Return every line from the one with "The findings also" through the one with "Commerzbank bars are", inclusive, exactly as it appears below.

● GIVEN DATA:
......

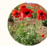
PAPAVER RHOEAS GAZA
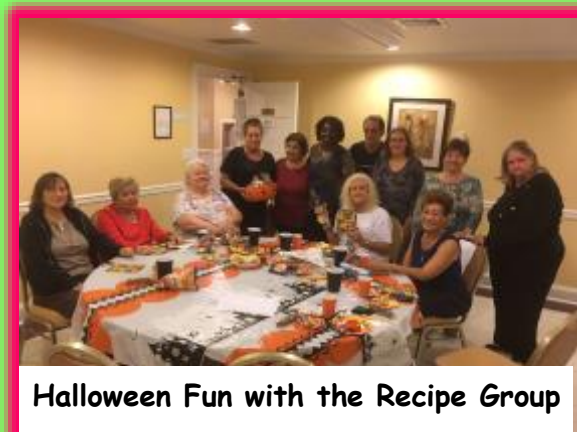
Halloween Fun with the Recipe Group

......

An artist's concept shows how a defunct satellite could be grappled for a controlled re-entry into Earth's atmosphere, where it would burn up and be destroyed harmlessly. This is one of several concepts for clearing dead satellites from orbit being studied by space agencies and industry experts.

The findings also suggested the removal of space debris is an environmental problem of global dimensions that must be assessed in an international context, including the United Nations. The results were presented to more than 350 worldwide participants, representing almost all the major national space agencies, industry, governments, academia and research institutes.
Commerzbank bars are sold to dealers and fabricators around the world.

......

● ANSWER TO THIS TASK:
The findings also suggested the removal of space debris is an environmental problem of global dimensions that must be assessed in an international context, including the United Nations. The results were presented to more than 350 worldwide participants, representing almost all the major national space agencies, industry, governments, academia and research institutes.
Commerzbank bars are sold to dealers and fabricators around the world.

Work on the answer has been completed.